What you should do: Reproduce word for word every line from the one containing "Модульная гостиная Камелия" to the final line of the data below; omit the pictures.

____ Dataset content

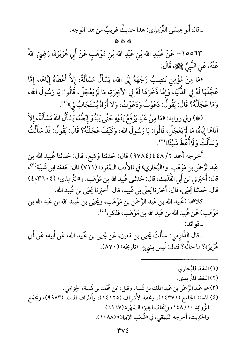أخرجه أحمد (٩٧٨٤) قال: حدثنا وكيع، قال: حدثنا عُبيد الله بن عبد الرَّحمَن بن مَوهَب. و «البخاري» في «الأدب المفرد» (٧١١) قال: حدثنا ابن شيبة (¬٣)، قال: أخبرني ابن أبي الفديك، قال: حدثني عُبيد الله بن مَوهَب. و «التِّرمِذي» (٣٦٠٤ م ٤) قال: حدثنا يحيى، قال: أخبرنا يَعلى بن عبيد، قال: أخبرنا يحيى بن عُبيد الله.
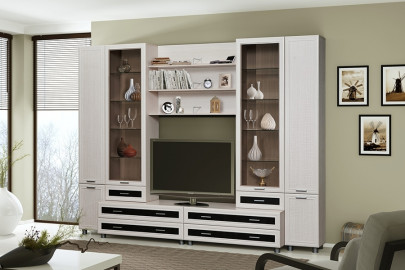 Модульная гостиная Камелия длина 3,1 метра, цвет дуб белёный. Комплектация 01
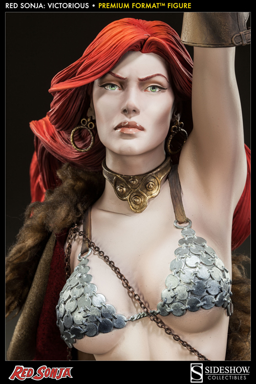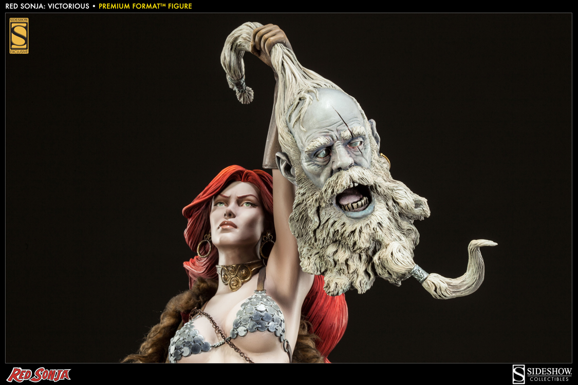 The Red Sonja: Victorious Premium Format Figure depicts the sword-master in a frigid land, standing atop the helmet of a recently defeated opponent. Foregoing heavy, restrictive armor, the fearless combatant wears her iconic scale mail bikini, and a hand-tailored fabric cape with faux-fur collar. The only weapon sharper than her tongue is her blood-drenched sword, which she holds at one side, and with the other she raises the unworthy foe’s blade above her head in triumph. For those that order the Sideshow Exclusive edition, they'll receive a bonus swap-out accessory: a severed Frost Giant's head!

________

Task response:
 Модульная гостиная Камелия длина 3,1 метра, цвет дуб белёный. Комплектация 01
 The Red Sonja: Victorious Premium Format Figure depicts the sword-master in a frigid land, standing atop the helmet of a recently defeated opponent. Foregoing heavy, restrictive armor, the fearless combatant wears her iconic scale mail bikini, and a hand-tailored fabric cape with faux-fur collar. The only weapon sharper than her tongue is her blood-drenched sword, which she holds at one side, and with the other she raises the unworthy foe’s blade above her head in triumph. For those that order the Sideshow Exclusive edition, they'll receive a bonus swap-out accessory: a severed Frost Giant's head!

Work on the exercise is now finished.